#### What you will do
Once you find the line with "Le Vian Ombre" in the data below, transcribe exactly each line from there to the line with "Свадебное платье с", inclusive, and nothing else. Drop the pictures.

#### Data provided
####################

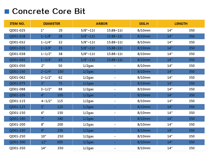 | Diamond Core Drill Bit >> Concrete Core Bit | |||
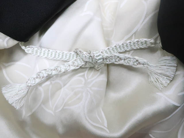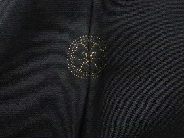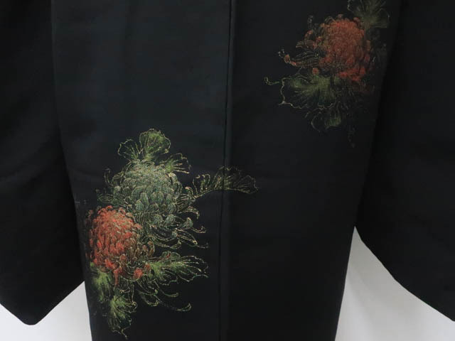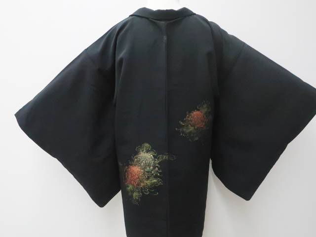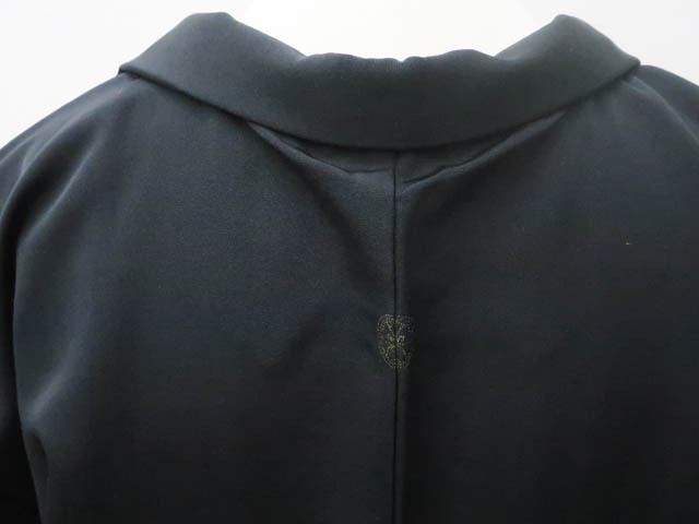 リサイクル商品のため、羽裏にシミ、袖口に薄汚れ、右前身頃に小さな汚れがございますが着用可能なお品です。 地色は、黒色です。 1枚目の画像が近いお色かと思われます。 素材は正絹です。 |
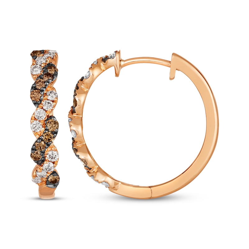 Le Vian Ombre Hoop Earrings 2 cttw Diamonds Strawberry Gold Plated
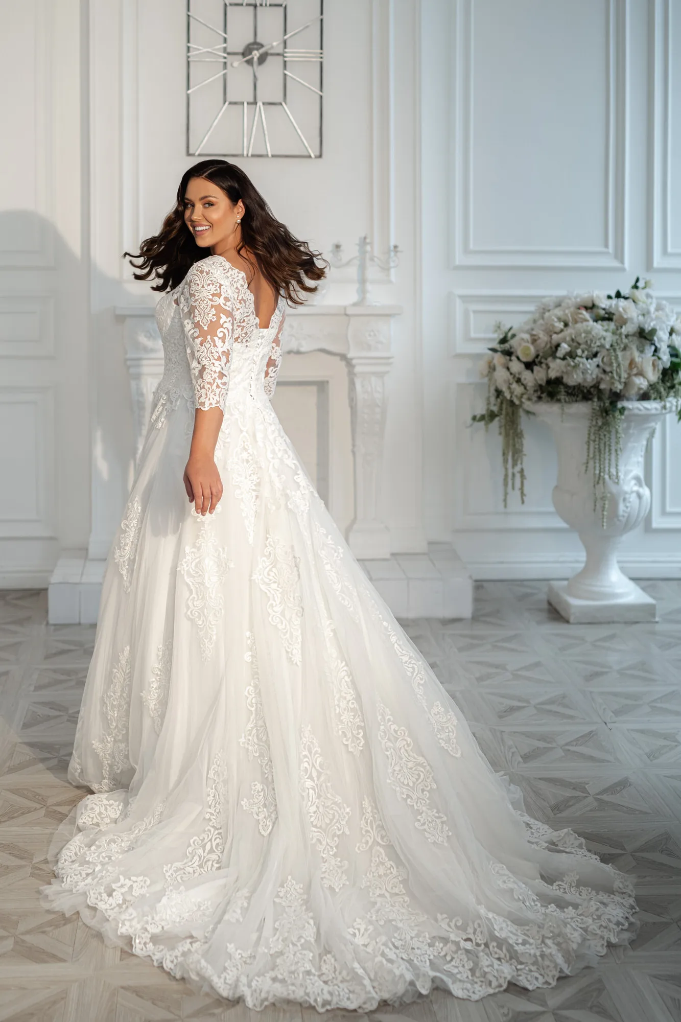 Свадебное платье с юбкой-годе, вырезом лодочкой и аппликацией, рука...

####################

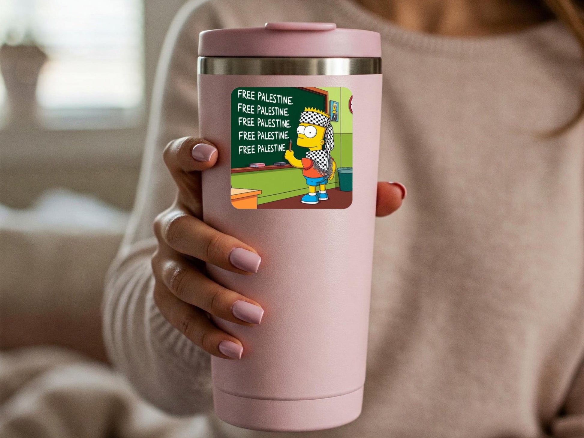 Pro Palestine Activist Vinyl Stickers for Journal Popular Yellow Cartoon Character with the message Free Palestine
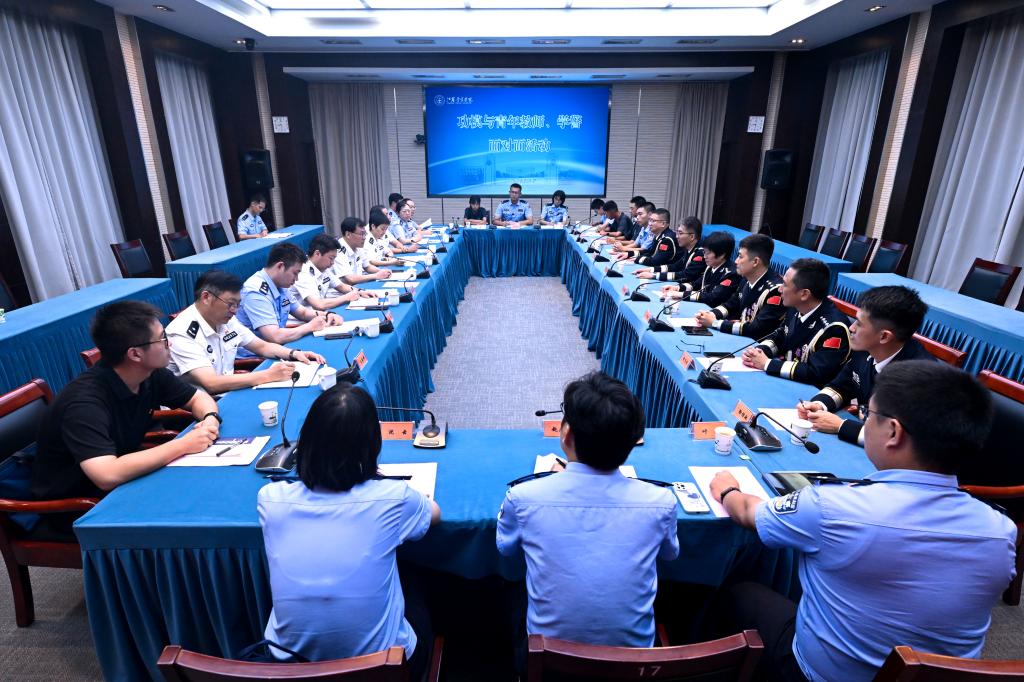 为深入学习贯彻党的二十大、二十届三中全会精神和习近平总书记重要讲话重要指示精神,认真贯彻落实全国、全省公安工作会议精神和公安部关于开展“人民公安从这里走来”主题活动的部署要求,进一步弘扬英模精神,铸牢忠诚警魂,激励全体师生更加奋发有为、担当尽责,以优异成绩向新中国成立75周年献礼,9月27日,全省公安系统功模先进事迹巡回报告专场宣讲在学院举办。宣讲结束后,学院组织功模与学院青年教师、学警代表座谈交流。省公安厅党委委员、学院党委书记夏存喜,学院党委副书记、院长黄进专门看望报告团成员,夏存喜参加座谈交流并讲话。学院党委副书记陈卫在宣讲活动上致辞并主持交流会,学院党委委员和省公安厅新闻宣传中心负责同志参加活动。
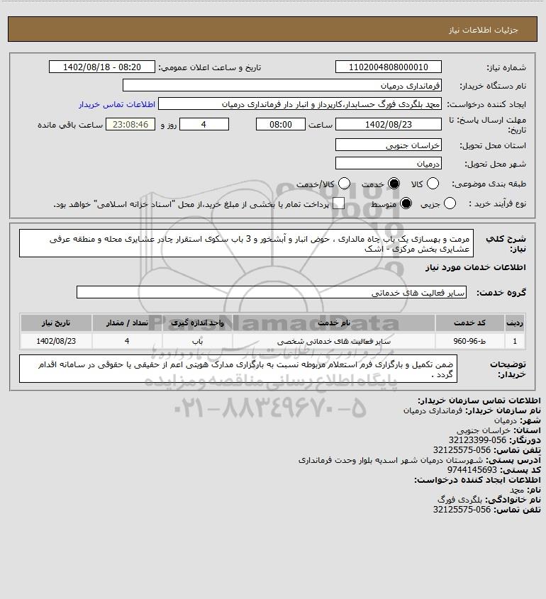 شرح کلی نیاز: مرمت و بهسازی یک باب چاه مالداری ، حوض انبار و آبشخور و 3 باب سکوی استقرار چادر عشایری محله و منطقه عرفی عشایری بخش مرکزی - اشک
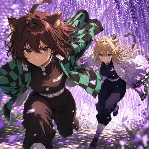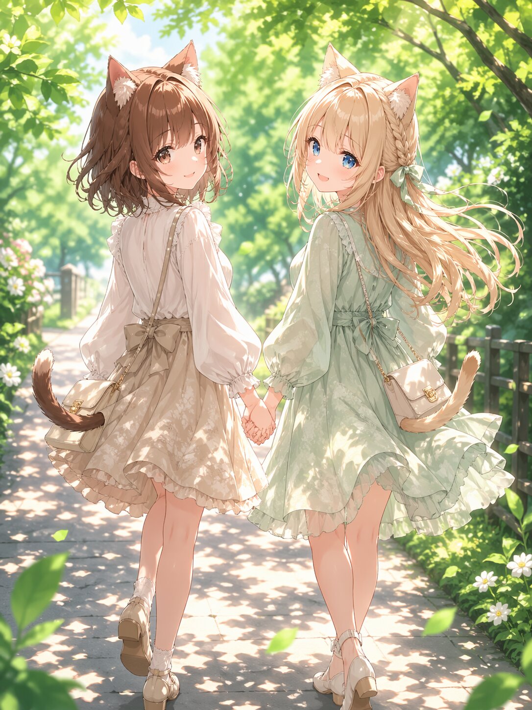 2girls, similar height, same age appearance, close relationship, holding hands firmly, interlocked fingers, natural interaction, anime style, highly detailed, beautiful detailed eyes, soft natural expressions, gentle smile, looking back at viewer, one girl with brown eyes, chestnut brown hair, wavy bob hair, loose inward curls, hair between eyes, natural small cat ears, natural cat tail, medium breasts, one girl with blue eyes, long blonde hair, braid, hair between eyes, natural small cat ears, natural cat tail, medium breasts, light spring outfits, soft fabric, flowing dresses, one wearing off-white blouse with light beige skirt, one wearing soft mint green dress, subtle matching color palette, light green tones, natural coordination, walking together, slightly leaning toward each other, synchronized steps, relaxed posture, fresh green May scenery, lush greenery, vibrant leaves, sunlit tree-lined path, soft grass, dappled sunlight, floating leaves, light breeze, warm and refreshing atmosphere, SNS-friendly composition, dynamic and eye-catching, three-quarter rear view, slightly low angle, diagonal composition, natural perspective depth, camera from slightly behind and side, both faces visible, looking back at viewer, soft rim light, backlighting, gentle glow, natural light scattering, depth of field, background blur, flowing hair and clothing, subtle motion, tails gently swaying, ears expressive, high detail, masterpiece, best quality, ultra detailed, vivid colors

####################

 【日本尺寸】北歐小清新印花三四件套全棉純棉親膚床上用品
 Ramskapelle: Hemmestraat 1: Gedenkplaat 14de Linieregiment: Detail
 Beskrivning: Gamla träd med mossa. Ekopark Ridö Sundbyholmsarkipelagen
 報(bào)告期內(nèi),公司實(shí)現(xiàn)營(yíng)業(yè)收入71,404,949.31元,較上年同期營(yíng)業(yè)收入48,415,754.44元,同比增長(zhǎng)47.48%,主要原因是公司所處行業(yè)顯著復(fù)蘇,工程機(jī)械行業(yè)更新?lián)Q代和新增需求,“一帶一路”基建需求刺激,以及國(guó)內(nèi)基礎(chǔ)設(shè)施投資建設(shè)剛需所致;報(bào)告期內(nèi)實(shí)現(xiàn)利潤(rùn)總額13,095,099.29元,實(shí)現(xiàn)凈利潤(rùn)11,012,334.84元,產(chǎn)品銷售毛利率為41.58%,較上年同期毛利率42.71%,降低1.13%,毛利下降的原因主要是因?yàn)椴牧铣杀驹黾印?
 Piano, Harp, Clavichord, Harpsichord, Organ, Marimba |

####################

#### Task answer
 Le Vian Ombre Hoop Earrings 2 cttw Diamonds Strawberry Gold Plated
 Свадебное платье с юбкой-годе, вырезом лодочкой и аппликацией, рука...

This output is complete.